Блокнот
Молдова
Понедельник, 08 декабря

Кишиневские отзвуки восстания декабристов в 1825 году (200 лет восстанию декабристов)

    14 декабря 1825 года произошло восстание декабристов на Сенатской площади в Санкт-Петербурге. 

Оно считается крупнейшим политическим выступлением дворянского сословия в истории Российской империи. Его готовили долго. Еще с 1810-1820-х годов Россия была покрыта сетью различных тайных обществ. Главной целью восставших было свержение самодержавия, отмена крепостного права, принятие конституции и введение представительного правления.

 

   В десятой, зашифрованной, сожженной главе «Евгения Онегина», написанной осенью 1830 года в Болдине, есть такие, исторически верные строки Пушкина:

 

Россия присмирела снова,
И пуще царь пошел кутить,
Но искра пламени иного
Уже издавна, может быть,

..............



У них свои бывали сходки,
Они за чашею вина,
Они за рюмкой русской водки
..............



Витийством резким знамениты,
Сбирались члены сей семьи
У беспокойного Никиты,
У осторожного Ильи.
..............

 

Друг Марса, Вакха и Венеры,
Тут Лунин дерзко предлагал
Свои решительные меры
И вдохновенно бормотал.
Читал свои Ноэли Пушкин,
Меланхолический Якушкин,
Казалось, молча обнажал
Цареубийственный кинжал.
Одну Россию в мире видя,
Преследуя свой идеал,
Хромой Тургенев им внимал
И, плети рабства ненавидя,
Предвидел в сей толпе дворян
Освободителей крестьян.

 

Так было над Невою льдистой,
Но там, где ранее весна
Блестит над Каменкой тенистой
И над холмами Тульчина,
Где Витгенштейновы дружины
Днепром подмытые равнины
И степи Буга облегли,
Дела иные уж пошли.
Там Пестель – для тиранов
И рать  .... набирал
Холоднокровный генерал,
И Муравьев, его склоняя,
И полон дерзости и сил,
Минуты вспышки торопил.

 

Сначала эти заговоры
Между Лафитом и Клико
Лишь были дружеские споры,
И не входила глубоко
В сердца мятежная наука,
Все это было только скука,
Безделье молодых умов,
Забавы взрослых шалунов,
Казалось .........
Узлы к узлам .......
И постепенно сетью тайной
Россия ..........
Наш царь дремал .....
.............

 

    В декабре 1825 года опальный поэт Пушкин томился в новой ссылке –

в Михайловском. Он попытался было присоединиться к восставшим в северной столице, среди которых были и его друзья, знакомые, но не доехал… А вот его брат Лев Пушкин 14 декабря оказался на самой площади, среди восставших. Его приметил учитель и друг Вильгельм Кюхельбекер, в руках которого были пистолет и палаш, отнятый чернью у одного из жандармов.
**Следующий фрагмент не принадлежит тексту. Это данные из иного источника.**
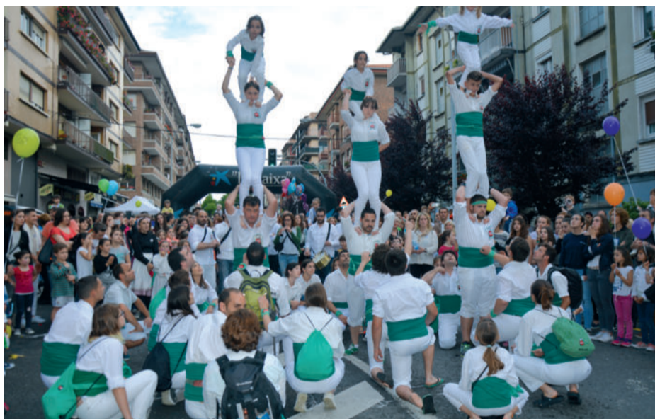
Giza dorre ezberdinak osatu zituzten Vilafrancako kideek, horietako bat Markelen etxearen parean.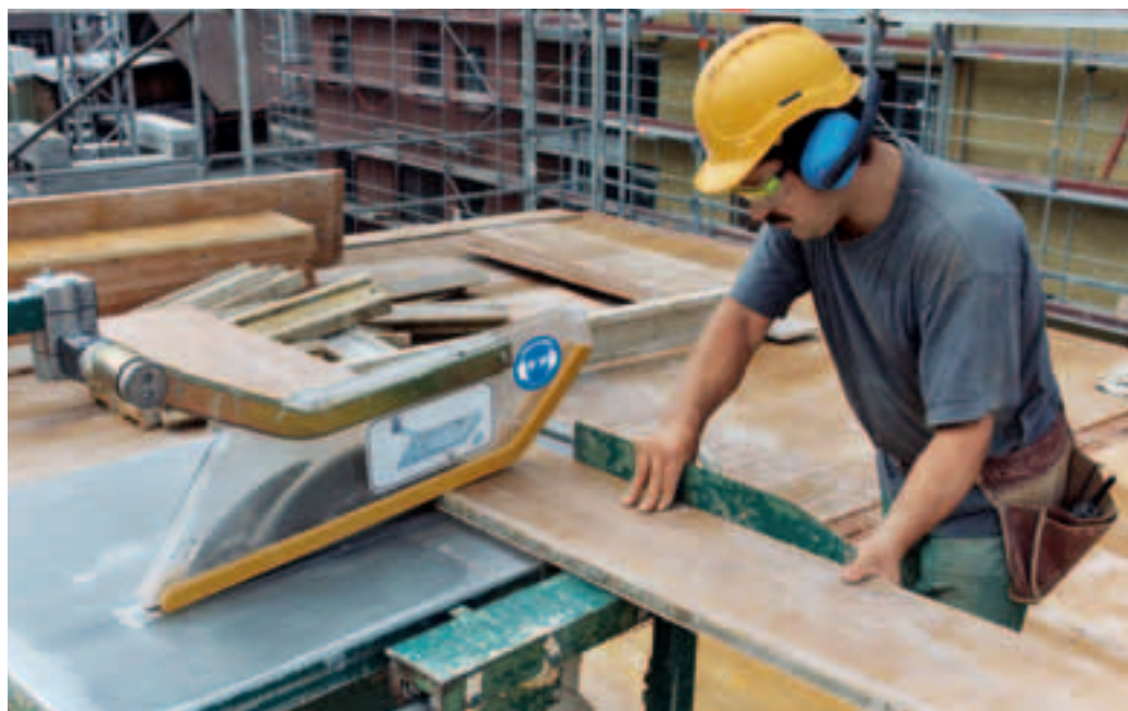
7 Macchine rumorose sono contrassegnate.

Этот палаш Кюхельбекер вручил Льву и сказал князю Оболенскому:

    – Примем этого молодого воина…

 

    Вечером, после разгрома восстания, Лев пришел на квартиру Рылеева и узнал, что тот арестован.

 

   В семье Пушкиных все знали, что Лев был на площади среди восставших, но тщательно скрывали этот факт. Однако 9 февраля 1826 года Кюхельбекер признался, что передал палаш Льву Пушкину, который оказался там, как и другие, «из одного ребяческого любопытства». Следственный комитет тут же позаботился о том, чтобы Льву Пушкину, которого уже решено пригласить служить в корпус жандармов, было решительно отказано.

 

   А в Кишиневе было тихо. Осенью наместник края граф М. С. Воронцов велел не продлевать контракт на проживание вице-губернатора Бессарабской области Ф. Ф. Вигеля в дорогих апартаментах дома Крупенского. Вигель перебрался в скромный, чистенький домик с садиком в дачном месте города. Нового губернатора в Бессарабии еще не было, и Вигель исполнял его обязанности.

 

   19 ноября императора Александра I не стало, он скончался в Таганроге. Между тем, в Кишиневе об этом еще никто не знал. 29 ноября Вигель находился дома. Принесли почту. «В последнем мною распечатанном пакете находилось письмо Казначеева, от которого пришел я в восхищение. Он обстоятельно уведомлял меня об особенно милостивом, почти дружественном обхождении Царя с нашим начальником и о возросшем вдруг кредите последнего. Каких счастливых от того последствий, писал он, не можем ожидать для себя мы, его приближенные! Он прибавил, что хотя Государь не совсем дал слово, но вероятно, если здоровье Императрицы дозволит ему отлучиться, то к Рождеству приедет он в Одессу и побывает в Бессарабии. ”Смотрите, говорил он, не ударьтесь лицом в грязь; особенно советую вам содержать дороги в лучшей исправности”. Письмо это было от 18 ноября и следственно, верно, залежалось где-нибудь, в канцелярии или на почте.

 

    Голова моя загорелась, я не мог усидеть спокойно и быстрыми шагами бросился разгуливать по полю… Без всякой цели, очарованный три часа не бродил я, а бегал по полю. Я совсем и забыл, что действия графа не раз уже показывали необъясненную на меня досаду его; забыл, что Тимковский (новый губернатор области – В. К.) со дня на день может приехать: я бредил только счастьем увидеть в близи Александра, может быть говорить с ним. К четырем часам воротился я обедать; утомленный и утренними занятиями, и сильными после того ощущениями, скоро я заснул и проснулся когда уже смерклось».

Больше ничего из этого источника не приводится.